The goal of this assignment is to implement a face detector using a sliding window model. The basic pipeline involved in a sliding window face detector is to take patches from an image, represent each patch by one or more feature descriptors, then train a classifier based on a training data set. Once a classifier is trained, it can be applied to a test data set.
My implementation of a sliding window face detector uses SIFT descriptors to represent each image patch and a support vector machine (SVM) for classification. I tried using both linear and non-linear SVMs.
To improve accuracy of the detector, I attempted to use a "difficut" set of non-faces as negatives. I implemented this step of mining hard negatives by checking the confidence value (on a scale of 0-1) of each negative and only the first 1000 negatives with a confidence higher than 0.5. I attempted a higher threshold for the confidence, but this increased running time without providing any significant improvement.
To speed up the running time of the algorithm, I cached my SIFT descriptors for each image using MATLAB memoization.
Below is the complete pipeline for the algorithm as implemented.
For all reported results, I use a sliding window step size of 2 when calculating image patches.
For my linear SVM, I set lambda = 5.
For my nonlinear SVM, I set lambda = 1 and RBF sigma = 1.
My best precision score was 0.850 by a nonlinear SVM with 3000 positives, 3000 random negatives, and 3000 hard negatives gathered from 1 iteration of mining for hard negatives. More detailed results are below.
For all reported results, I give a starting scale, which determines how many times I scale down the image by a factor of two before testing image patches. I also report the number of initial random negatives, and the number of iterations of mining for hard negatives.
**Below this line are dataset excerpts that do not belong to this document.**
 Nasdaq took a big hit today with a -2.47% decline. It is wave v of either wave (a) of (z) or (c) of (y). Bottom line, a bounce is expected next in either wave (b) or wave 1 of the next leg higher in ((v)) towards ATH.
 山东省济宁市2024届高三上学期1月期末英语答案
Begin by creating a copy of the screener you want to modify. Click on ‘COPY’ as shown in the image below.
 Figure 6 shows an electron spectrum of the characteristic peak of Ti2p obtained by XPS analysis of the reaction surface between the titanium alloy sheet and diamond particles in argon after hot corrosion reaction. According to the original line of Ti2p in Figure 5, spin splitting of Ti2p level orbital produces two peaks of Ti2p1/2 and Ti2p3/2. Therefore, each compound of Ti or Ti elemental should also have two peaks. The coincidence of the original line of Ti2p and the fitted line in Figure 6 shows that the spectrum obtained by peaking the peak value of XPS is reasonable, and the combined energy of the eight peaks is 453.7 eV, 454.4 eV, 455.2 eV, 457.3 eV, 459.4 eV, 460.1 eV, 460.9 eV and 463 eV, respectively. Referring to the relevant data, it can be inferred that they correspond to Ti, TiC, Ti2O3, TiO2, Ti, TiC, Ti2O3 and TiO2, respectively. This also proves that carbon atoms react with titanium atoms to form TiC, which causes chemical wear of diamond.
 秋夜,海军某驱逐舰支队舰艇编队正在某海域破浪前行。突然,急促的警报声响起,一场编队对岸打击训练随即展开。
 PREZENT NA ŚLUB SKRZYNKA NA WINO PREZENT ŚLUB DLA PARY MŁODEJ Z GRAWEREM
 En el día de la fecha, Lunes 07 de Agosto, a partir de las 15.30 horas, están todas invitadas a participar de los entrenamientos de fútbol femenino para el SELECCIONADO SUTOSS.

Note that if there are initially n random negatives, each iteration of mining adds n more negatives. Also note that the number of positives is equal to the number of initial negatives.
Scale = 2, 5000 negatives, no mining
Scale = 1, 5000 negatives, no mining
Scale = 2, 5000 negatives, 1 mining iteration
Scale = 2, 5000 negatives, 3 mining iterations
Scale = 2, 3000 negatives, no mining
Scale = 2, 2500 negatives, 1 mining iteration
Scale = 2, 3000 negatives, 1 mining iteration
When I attempted to set the starting scale to 1 or used more than 3000 random negatives, the nonlinear SVM ran out of memory. On a computer with more memory, I expect that the nonlinear SVM could perform a bit better with more iterations of mining for hard negatives.
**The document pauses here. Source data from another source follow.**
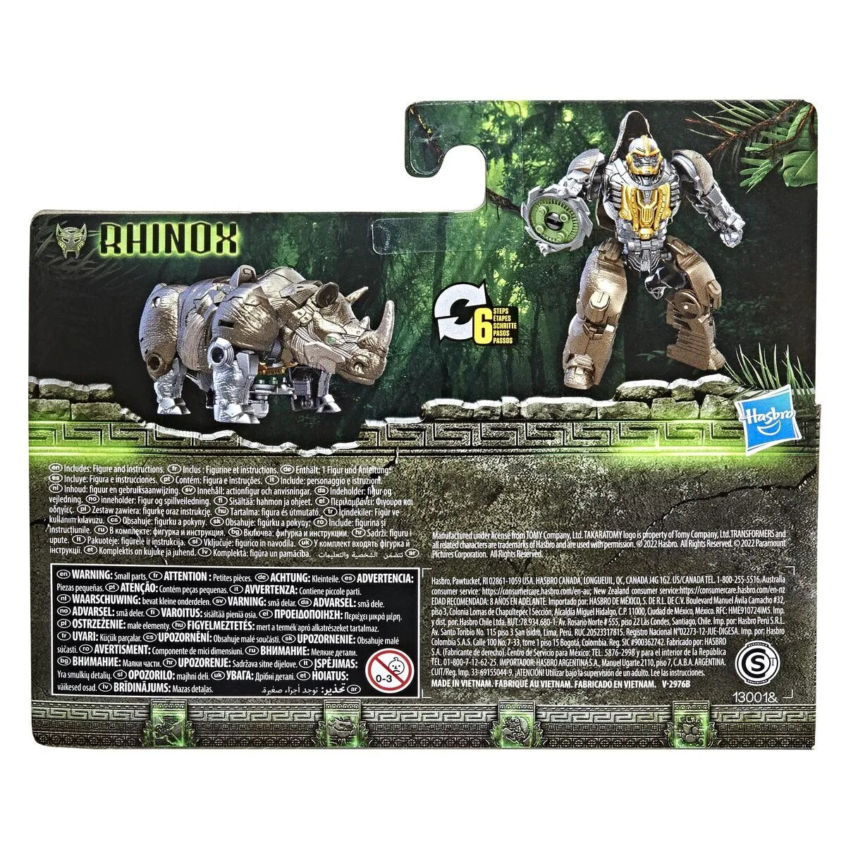 Rhinox, der starke Maximal Krieger, stürmt mit seinen Autobot und Maximal Verbündeten an seiner Seite in die Action. Klassische Transformers Roboter und Bestien Roboter schließen sich zu einer epischen Allianz zusammen! Die Battle Changers Rhinox Figur kann mit Beast Alliance Bestien-Waffen und Bestien-Rüstung kombiniert werden, um sie für das Battle auszustatten. (Jeweils separat erhältlich. Je nach Verfügbarkeit.) Der Kampf auf der Erde findet nicht länger zwischen heldenhaften Autobots und bösen Decepticons statt.Transformers: Aufstieg der Bestien stellt mysteriöse neue Fraktionen wie die Maximals, Predacons und Terrorcons in einem epischen Abenteuer der 90er-Jahre vor. Mit Beast Alliance Spielzeug zum Film Transformers: Aufstieg der Bestien kann die ultimative Allianz der Bestien erschaffen werden.TRANSFORMERS and all related characters are trademarks of Hasbro and are used with permission. TRANSFORMERS sowie alle dazugehörigen Charaktere sind Marken von Hasbro und werden mit Genehmigung verwendet. © 2022 Paramount Pictures Corporation. All Rights Reserved. Licensed by Hasbro.© 2022 Paramount Pictures Corporation.Alle Rechte vorbehalten. Lizenziert durch Hasbro.[PRODUCT INCLUDES LIST] TRANSFORMERS and all related characters are trademarks of Hasbro and are used with permission. © 2022 Paramount Pictures Corporation. All Rights Reserved. Licensed by Hasbro.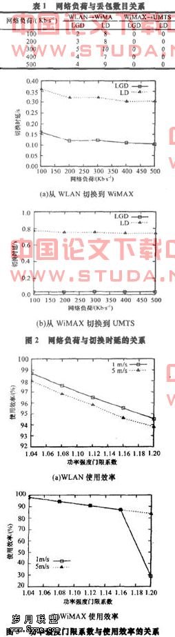 由表1可知,对于从WLAN切换到WiMAX的情况,随着网络负荷的增加,LGD方式的丢包数在2-5之间,LD方式在7-10之问。对于从WiMAX切换到UMTS的情况,随着网络负荷的增加,LGD方式和LD方式都未出现丢包现象由图3可知,随着功率强度门限系数变大,MN在2种速度下的网络使用效率都降低。对于从WLAN切换到WiMAX的情况,1rn/s时WLAN的使用效率比5m/s时略高对于从WiMAX切换到UMTS的情况,1m/s时WiMAX的使用效率与5m/s时接近,而在功率强度门限系数为1.2时,1m/时的使用效率大幅度降低,此现象是由仿真的偶然性造成的。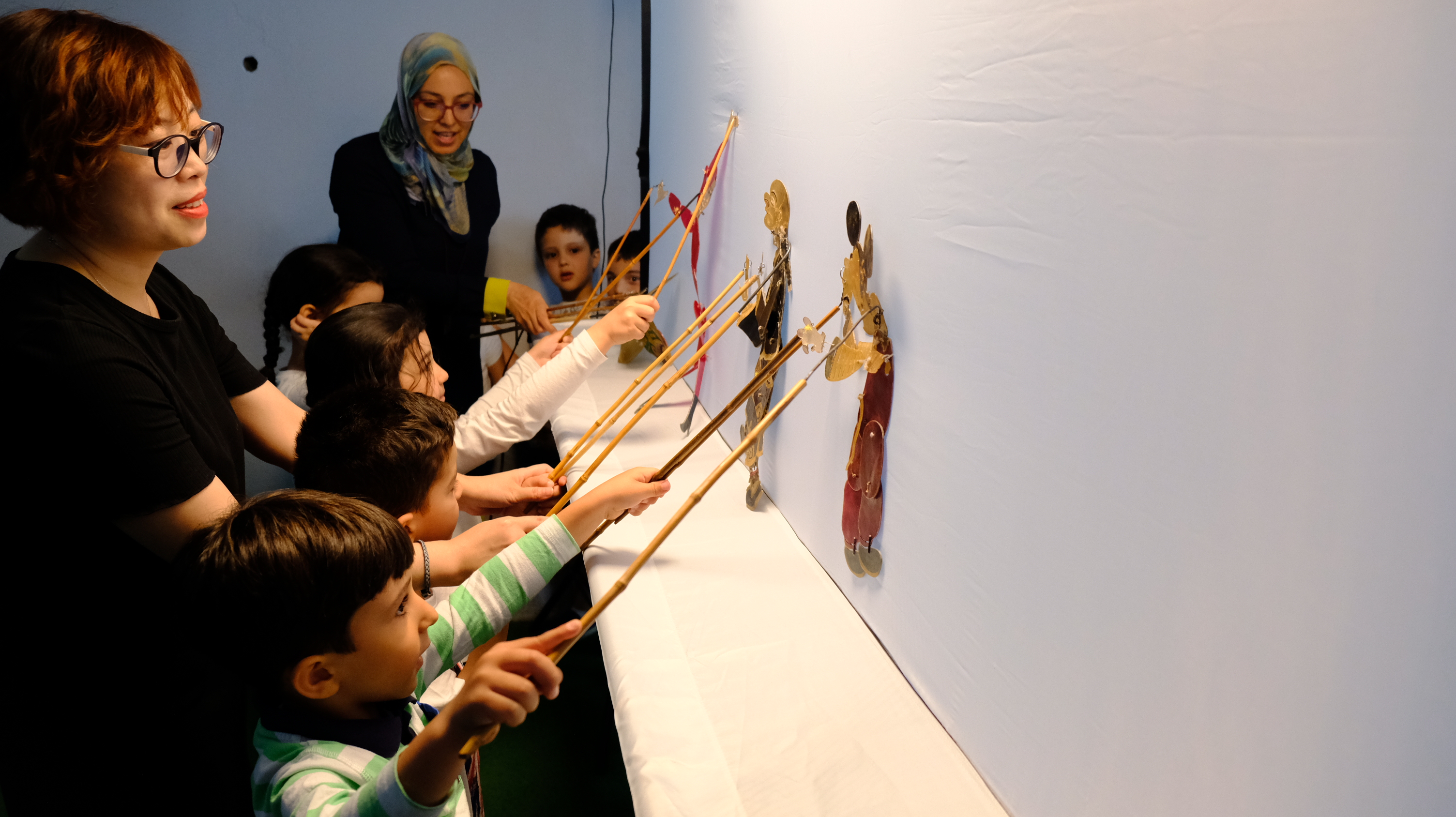 Students try performing Chinese shadow play at the Henry Walloon School in Tangier, Morocco, June 24, 2019. (Xinhua/Chen Binjie)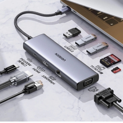 UGREEN 9-in-1 USB-C Multiport Adapter 15600 – HDMI, VGA, 3× USB 3.0, RJ45, SD/TF And 100W PD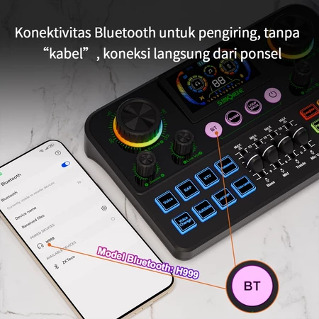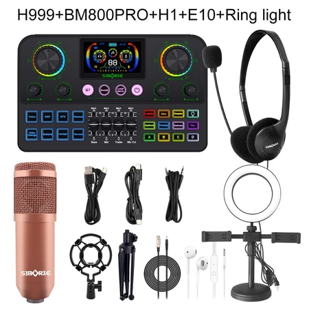 Siborie Soundcard H999+BM800PRO Mic+H1 Headphone+Ring Light Paket Lengkap Mixer Bluetooth Sound Card For Streaming Langsung Siborie Official Store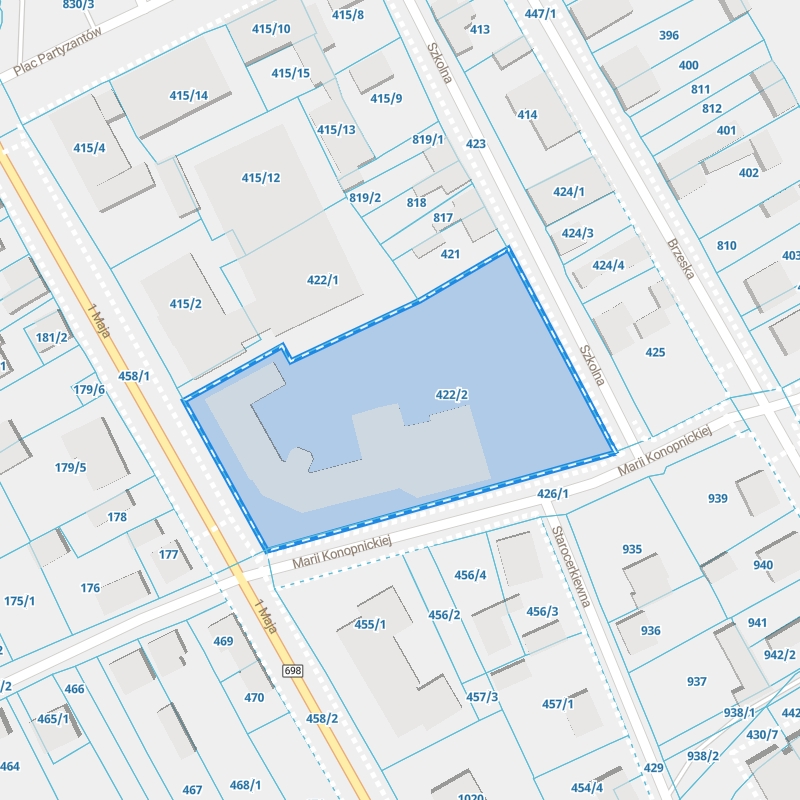 Zobacz przykładowe dane dotyczące Ewidencji Gruntów i Budynków. Działka ewidencyjna urzędu znajduje się przy ul. Bialska

The nonlinear SVM consistently performed about 10% better than the linear SVM. This increase in performance was expected, since the nonlinear SVM can capture a more complex decision boundary at the expense of extra memory and running time.
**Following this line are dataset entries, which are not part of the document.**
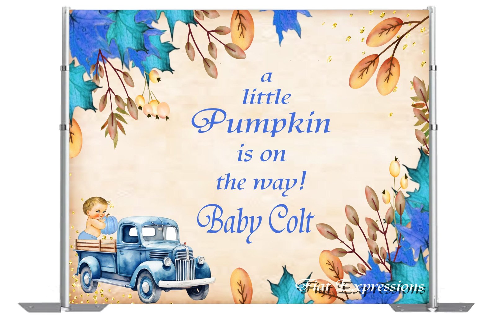 Pumpkin Boy in Truck Blue Baby Shower Backdrop, Autumn Baby Shower Backdrop, Fall Baby Shower Backdrop Digital File DIGITAL
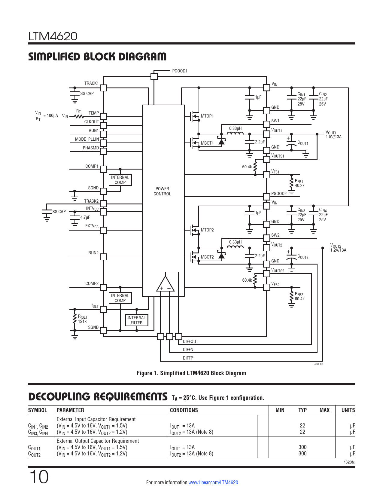 Figure 1. Simplified LTM4620 Block Diagram DECOUPLING REQUIREMENTS TA = 25°C. Use Figure 1 configuration. SYMBOL PARAMETER CONDITIONS MIN TYP MAX UNITS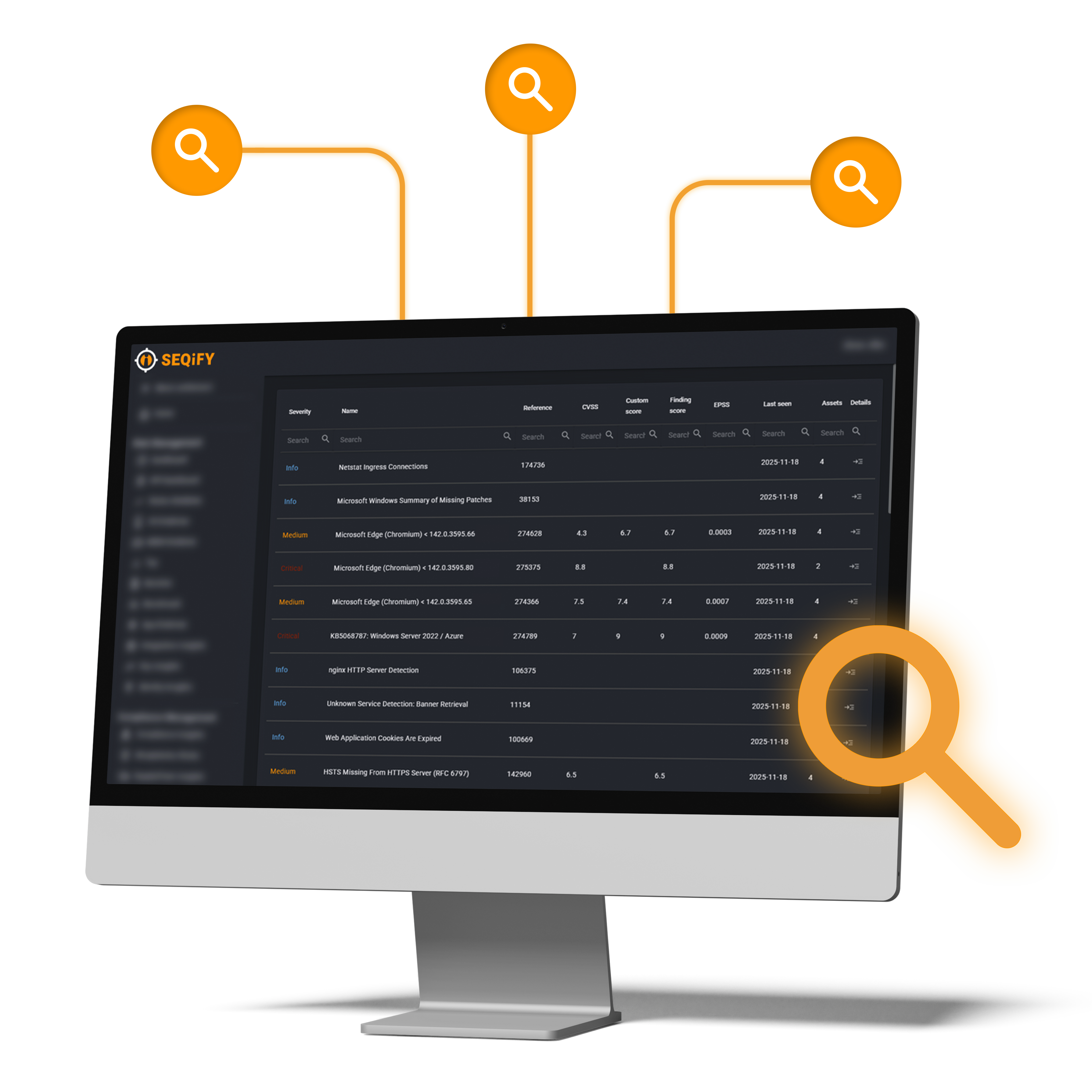 Mit SEQIFY erhalten Sie eine vollständige, systemübergreifende Übersicht darüber, welche Risiken auf welchen Assets tatsächlich bestehen. Findings aus Scannern wie Nessus werden automatisch den betroffenen Systemen, Servern, Endpoints oder Anwendungen zugeordnet. Dadurch entsteht erstmals ein konsistentes Bild Ihrer gesamten IT-Landschaft – inklusive Kritikalität, Zuständigkeiten und tatsächlichem Risiko pro Asset.

Mining for hard negatives improved the performance by 1-3%, however most of this performance gain came from the fact that each iteration added more training data, rather than from the process of finding hard negatives. When I tried replacing the training data instead of augmenting it, the performance was not improved by mining for hard negatives.
Here are the five faces with the highest confidence value for the nonlinear SVM.
Here are the five false positives with the highest confidence value for the nonlinear SVM. There is no clear pattern in the most confident negatives. If there were, it would give better insight into how we could improve our algorithm.